Wisconsin's made-whole doctrine, a fundamental public policy, can override a contractual choice-of-law provision in an insurance agreement when applying choice-of-law principles to a subrogation claim stemming from a tort occurring in Wisconsin involving Wisconsin residents.


Facts:

  • Shane Drinkwater, a Wisconsin resident, worked at a company located in Iowa.
  • In September 2002, Drinkwater sustained severe leg injuries when another motor vehicle struck his motorcycle in Wisconsin.
  • The driver of the other vehicle was also a Wisconsin resident and was covered under an insurance policy issued by a Wisconsin insurance company; both vehicles were registered in Wisconsin.
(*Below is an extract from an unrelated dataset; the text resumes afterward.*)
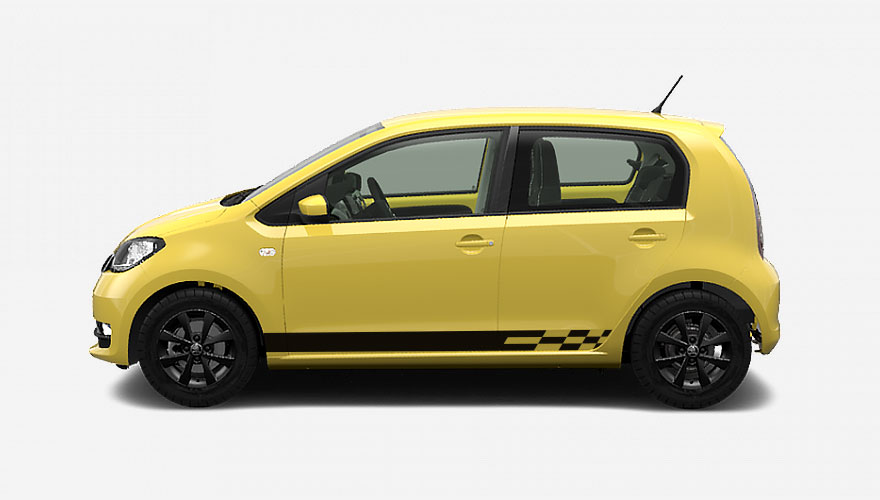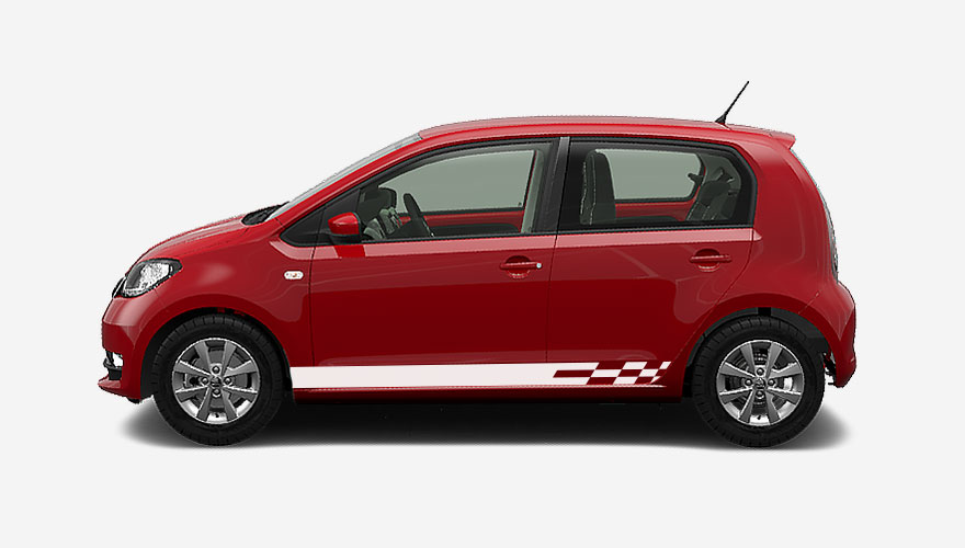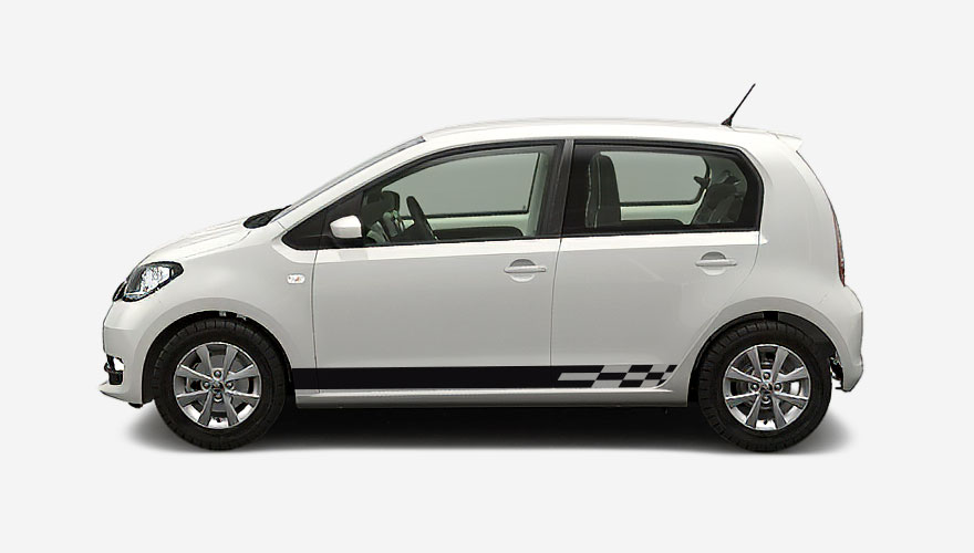 Polepy na bok auta - sportovní pruhy zakončené šachovnicí na Škodu Citigo. Polep může být umístěn na bocích auta, ale také vzadu na dveřích kufru. Jedná se o originální design Škody Citigo Sport.

  • Medical Associates Health Plan, an Iowa non-profit corporation, paid Drinkwater's health care expenses through a group health insurance contract issued to Drinkwater's employer in Iowa.
  • The Plan contract contained a clause providing that it "shall be governed by and interpreted in accordance with the laws of the State of Iowa" and included a subrogation clause.
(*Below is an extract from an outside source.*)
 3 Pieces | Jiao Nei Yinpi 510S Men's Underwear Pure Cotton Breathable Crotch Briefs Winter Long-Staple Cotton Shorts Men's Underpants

  • The other driver's negligence was conceded, and their insurer paid its policy limit of $250,000.
  • A circuit court later calculated Drinkwater's total damages for the accident to be $424,000.

Procedural Posture:

  • Drinkwater commenced an action for personal injuries, naming the other driver and the driver's insurer as defendants, and naming Medical Associates Health Plan as a potentially subrogated party in a Wisconsin circuit court.
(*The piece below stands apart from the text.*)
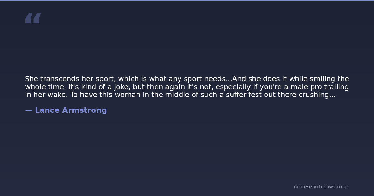 She transcends her sport, which is what any sport needs...And she does it while smiling the whole time. It's kind of a joke, but then again it's not, especially if you're a male pro trailing in her wake. To have this woman in the middle of such a suffer fest out there crushing people and smiling all the way...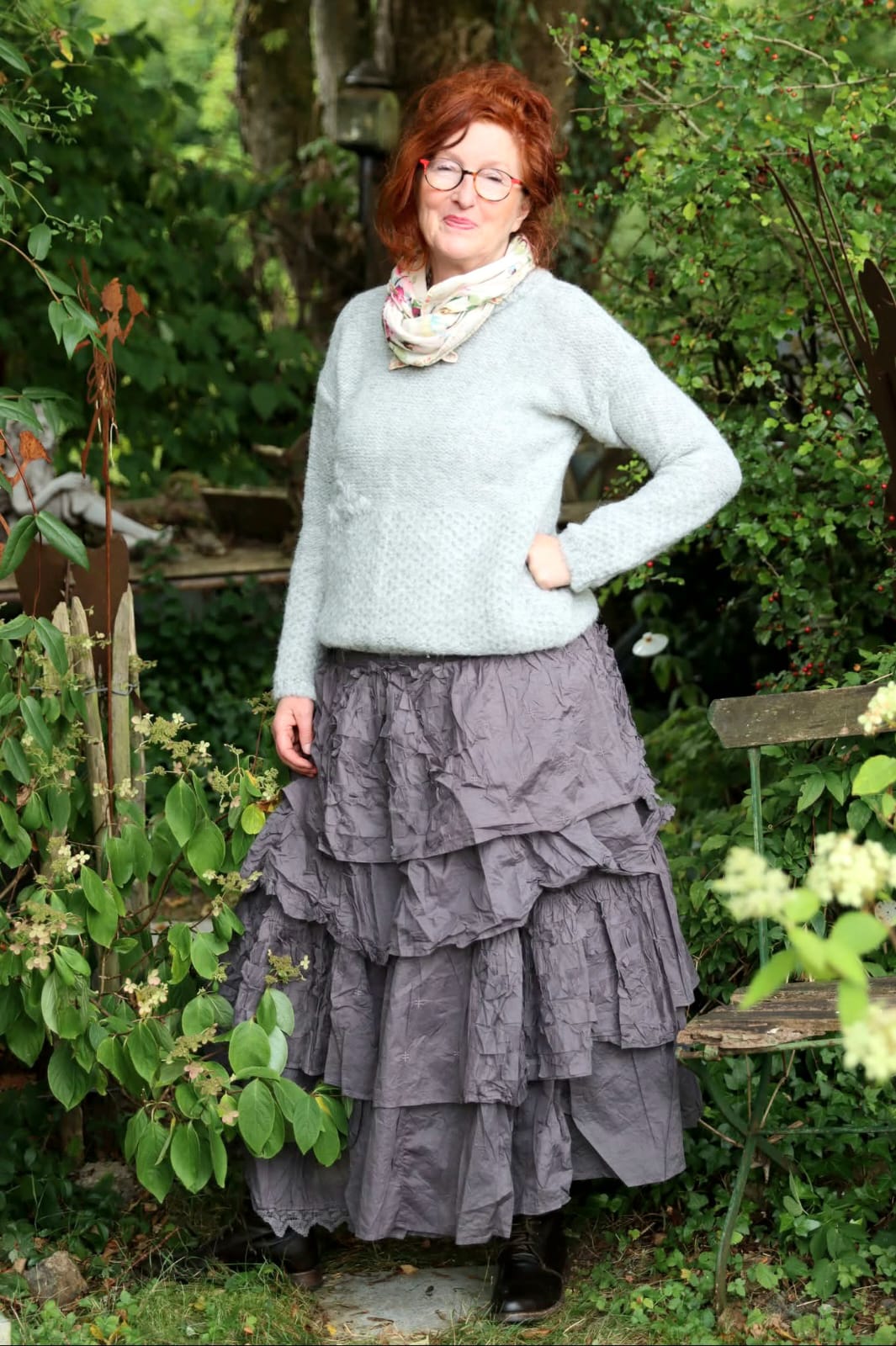 Magda ein echt opulenter und wirklicher Traumrock. Ein Traum in mehreren Stufen rüschig und ganz besonders. Magda fällt in jedem Fall auf. Langer Rock mit coolem Schuh und Jeansjacke trug eine Augenweide

  • The Plan counterclaimed and cross-claimed, alleging a subrogated interest in the damages Drinkwater sought.
  • The Plan moved the circuit court for a determination of its subrogation rights, requesting a decision on whether Wisconsin's made-whole doctrine could be overturned and whether Drinkwater was made whole.
  • The circuit court determined that Wisconsin law applied, conducted a 'made-whole' hearing, found Drinkwater's total damages were $424,000, and concluded he would not be made whole by the $250,000 proceeds from the tortfeasor's insurance.
  • The circuit court entered judgment in favor of Drinkwater, determining he was entitled to the escrowed funds.
  • The Plan appealed the circuit court's judgment.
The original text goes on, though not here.